Description of the task - Transcribe, exactly and without pictures, the lines below from the line with "Colorful dresses hanging" to the line with "在净利润可查的22家消费金融", both ends included, and no others.

Exercise inputs -
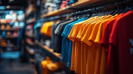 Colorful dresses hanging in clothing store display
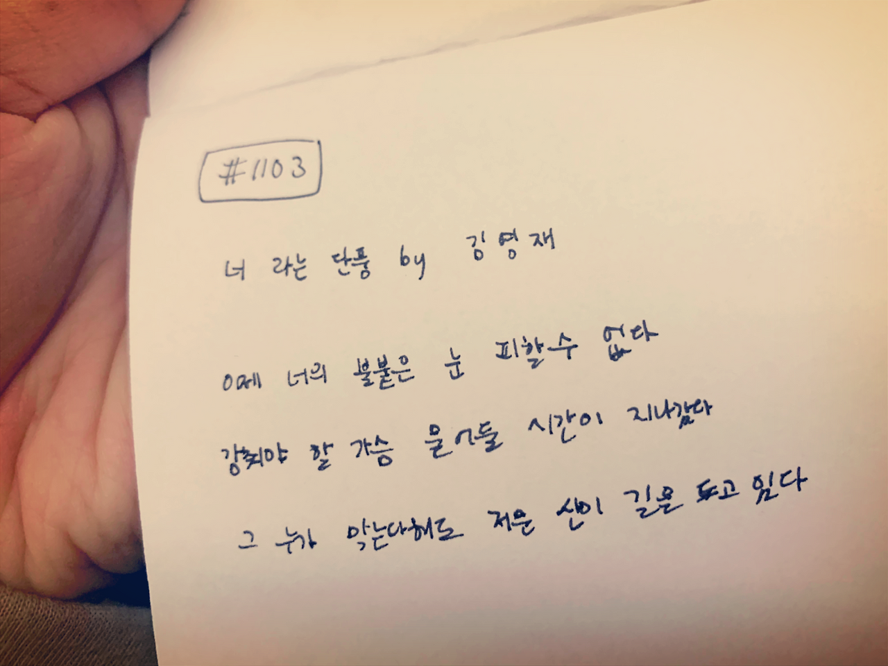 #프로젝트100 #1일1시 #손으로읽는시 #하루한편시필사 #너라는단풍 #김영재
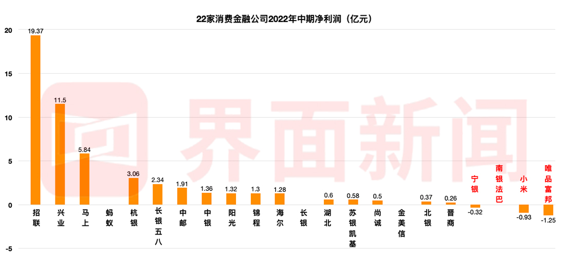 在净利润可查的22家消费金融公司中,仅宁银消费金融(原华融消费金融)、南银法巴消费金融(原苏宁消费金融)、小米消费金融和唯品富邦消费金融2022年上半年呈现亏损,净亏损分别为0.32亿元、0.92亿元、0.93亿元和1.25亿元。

--

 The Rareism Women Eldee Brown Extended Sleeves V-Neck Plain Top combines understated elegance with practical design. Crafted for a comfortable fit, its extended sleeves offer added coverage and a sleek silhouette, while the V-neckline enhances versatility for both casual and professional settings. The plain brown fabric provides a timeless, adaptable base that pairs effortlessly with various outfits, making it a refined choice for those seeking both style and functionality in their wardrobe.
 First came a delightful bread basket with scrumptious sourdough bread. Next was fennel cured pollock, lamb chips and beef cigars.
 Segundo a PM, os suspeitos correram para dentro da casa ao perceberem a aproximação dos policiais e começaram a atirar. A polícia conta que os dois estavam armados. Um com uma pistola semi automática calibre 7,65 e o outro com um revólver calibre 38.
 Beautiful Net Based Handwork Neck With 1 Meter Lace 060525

Answer to this problem -
 Colorful dresses hanging in clothing store display
 #프로젝트100 #1일1시 #손으로읽는시 #하루한편시필사 #너라는단풍 #김영재
 在净利润可查的22家消费金融公司中,仅宁银消费金融(原华融消费金融)、南银法巴消费金融(原苏宁消费金融)、小米消费金融和唯品富邦消费金融2022年上半年呈现亏损,净亏损分别为0.32亿元、0.92亿元、0.93亿元和1.25亿元。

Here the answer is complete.